I have the following code:
from stanford_corenlp_pywrapper import sockwrap
parser_path = "/Users/hbyan2/Downloads/stanford-corenlp-full-2015-04-20/*"
cn_model_path = "/Users/hbyan2/Downloads/stanford-corenlp-full-2015-04-20/stanford-chinese-corenlp-2015-04-20-models.jar"
p = sockwrap.SockWrap(
configdict={
'annotators':"segment, ssplit, pos, parse",
'customAnnotatorClass.segment': 'edu.stanford.nlp.pipeline.ChineseSegmenterAnnotator',
'segment.model': 'edu/stanford/nlp/models/segmenter/chinese/ctb.gz',
'segment.sighanCorporaDict': 'edu/stanford/nlp/models/segmenter/chinese',
'segment.serDictionary': 'edu/stanford/nlp/models/segmenter/chinese/dict-chris6.ser.gz',
'segment.sighanPostProcessing': True,
'ssplit.boundaryTokenRegex': '[.]|[!?]+|[。]|[!?]+',
"parse.model": "edu/stanford/nlp/models/lexparser/chinesePCFG.ser.gz",
"pos.model": "edu/stanford/nlp/models/pos-tagger/chinese-distsim/chinese-distsim.tagger"
},
corenlp_jars=[parser_path, cn_model_path]
)
p.parse_doc(u"你爱我吗?")
The configs are taken from the default CoreNLP properties for parsing Chinese: https://github.com/stanfordnlp/CoreNLP/blob/master/src/edu/stanford/nlp/pipeline/StanfordCoreNLP-chinese.properties
When running the Wrapper, I got the following error:
[Server] Started socket server on port 12340
INFO:StanfordSocketWrap:Successful ping. The server has started.

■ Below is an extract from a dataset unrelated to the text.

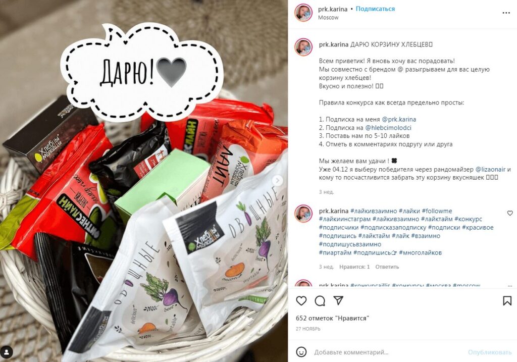 Один из популярных методов раскрутки в Инстаграм это различные конкурсы с подарками. Правила просты быть подписанным на блог, поставить лайк к записи и отметить 12 друзей в комментариях. Такие конкурсы можно проводить вместе с кем-то, если своих подписчиков маловато.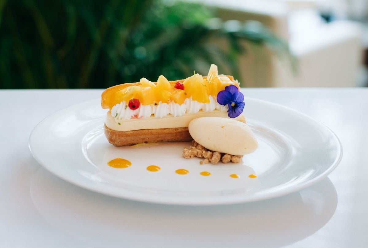 パッションのクレムーとジャスミンティーのセミフレッド、ライムでマリネしたマンゴーとパイナップルを乗せたエクレアに、マンゴーアイスを添えた夏らしい爽やかなデザートです。

INFO:StanfordSocketWrap:Subprocess is ready.
Adding Segmentation annotation ... INFO: TagAffixDetector: useChPos=false | useCTBChar2=true | usePKChar2=false
INFO: TagAffixDetector: building TagAffixDetector from edu/stanford/nlp/models/segmenter/chinese/dict/character_list and edu/stanford/nlp/models/segmenter/chinese/dict/in.ctb
Loading character dictionary file from edu/stanford/nlp/models/segmenter/chinese/dict/character_list
Loading affix dictionary from edu/stanford/nlp/models/segmenter/chinese/dict/in.ctb
你爱我吗?
--->
[你, 爱, 我, 吗, ?]
java.lang.RuntimeException: don't know how to handle annotator segment
at corenlp.JsonPipeline.addAnnoToSentenceObject(JsonPipeline.java:282)
at corenlp.JsonPipeline.processTextDocument(JsonPipeline.java:312)
at corenlp.SocketServer.runCommand(SocketServer.java:140)
at corenlp.SocketServer.socketServerLoop(SocketServer.java:194)
at corenlp.SocketServer.main(SocketServer.java:107)
Any idea why this is happening? Many thanks in advance!